Vers un meilleur accompagnement des agents de retour en centrale (CSAC du 27/03/2025)

31 mars 2025

La CFDT-MAE estime que, comme c’est le cas pour les lauréats lors de leur première prise de fonction, la mise en place d’un accompagnement pourrait avoir lieu également lors de la prise de fonction des agents après une longue période passée à l’étranger. En effet, l’expérience montre que certains agents peuvent éprouver des difficultés à se réhabituer au monde de l’administration centrale après une longue période passée à l’étranger.

Par ailleurs, la CFDT-MAE souhaiterait avoir des informations sur l’accompagnement spécifique des agents pour les agents affectés de Nantes à Paris et vice-versa ? (dans quel cas existe-t-il une prime de déménagement et si oui, sur quelle base est-elle octroyée, est-il prévu des jours de congé de mutation, une aide à la recherche de logement etc… ?) Par exemple, lorsque, il y a plusieurs années, le service des personnels de l’AEFE avait été délocalisé à Nantes, les agents de ce service avaient perçu une indemnité exceptionnelle, d’autres agents affectés à Nantes nous disent n’avoir droit à aucun accompagnement particulier.

Qu’est-ce que la prime spéciale d’installation (PSI) ? – CSAC du 27/03/2025

31 mars 2025

Dans le cadre de l’accompagnement des lauréats de concours affectés à Paris, un point concernant les conditions de leur éligibilité à la prime spéciale d’installation (PSI) mérite d’être évoqué.  En effet, ces dernières années, des agents issus des concours B et C ont pris l’attache des syndicats pour avoir des précisions sur le versement de cette prime. Il apparaît que certains lauréats se sont vus refuser l’octroi de cette prime alors qu’ils étaient agents vacataires avant leur nomination. Le motif invoqué était que l’agent n’avait pas changé de résidence administrative entre sa période de vacation et son premier emploi de fonctionnaire.

Nous comprenons donc que cette prime a uniquement pour but de compenser les frais d’installation du lauréat à Paris.

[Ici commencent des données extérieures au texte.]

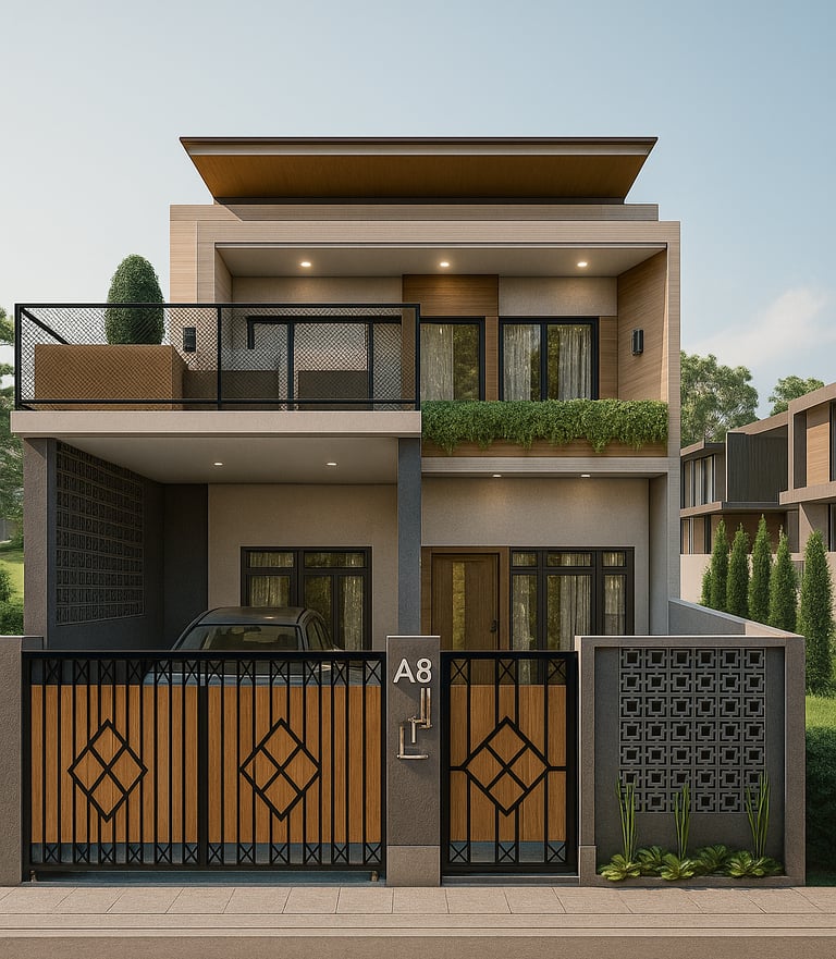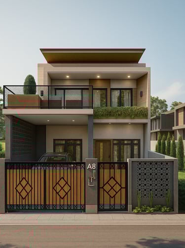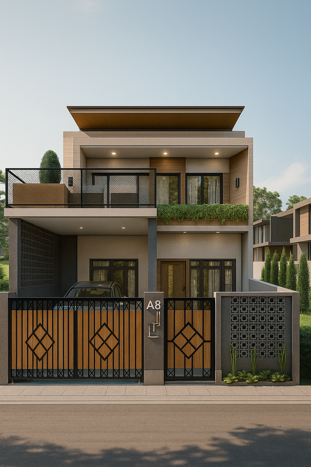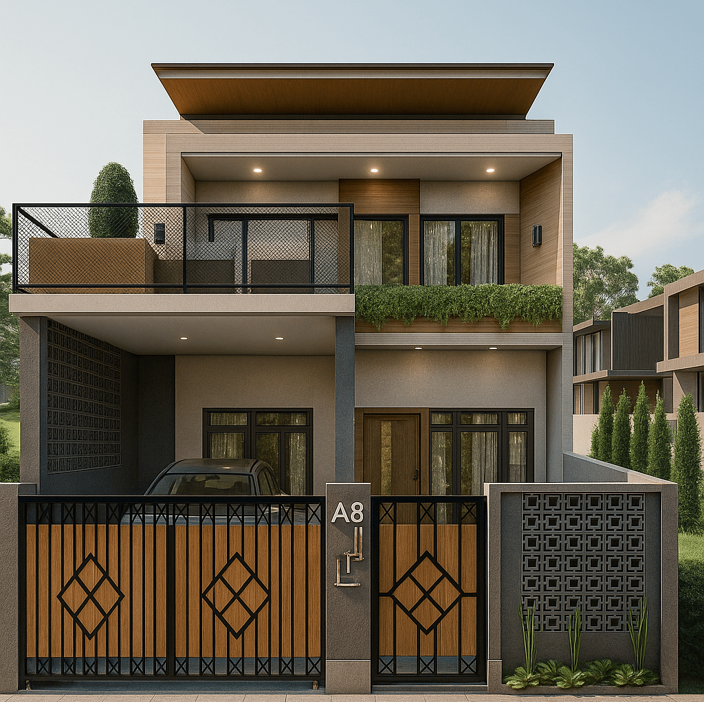 Hunian Rumah dua lantai ini mengusung konsep Modern Minimalist Architecture yang mengedepankan kehangatan material alami dalam balutan geometri modern yang tegas. Desain ini dirancang khusus untuk menciptakan suasana rumah yang tenang, sejuk, dan tetap terlihat sangat modis di lingkungan perkotaan.

Or, chaque année, des lauréats issus du secteur privé, déjà installés en Île de France, sont éligibles à la prime spéciale d’installation lorsqu’ils intègrent le MEAE alors qu’ils n’ont pas de frais d’installation. Ce dispositif est donc source d’injustice et les gestionnaires du CSRH sont en première ligne pour renseigner les lauréats.

A cet égard, pouvez-vous confirmer que l’ensemble des lauréats est bien informé de la procédure et reçoit le formulaire dédié ?

Pour rappel, la prime d’installation est allouée aux agents fonctionnaires lorsqu’ils accèdent à un premier emploi dans administration de l’Etat et qu’ils reçoivent une affectation à Paris.

Il est indiqué sur Diplonet que « cette prime est versée aux seuls agents nommés dans un grade dont l’indice afférent au 1er échelon est, au jour de sa titularisation, inférieur à l’indice brut 445 et dont l’indice afférent au dernier échelon est égal au plus à l’indice brut 821.

Sont ainsi concernés au MEAE : les adjoints de chancellerie, les secrétaires de chancellerie, les secrétaires des systèmes d’information et de communication, les secrétaires des affaires étrangères, les attachés des systèmes d’informations et de communication, les traducteurs ».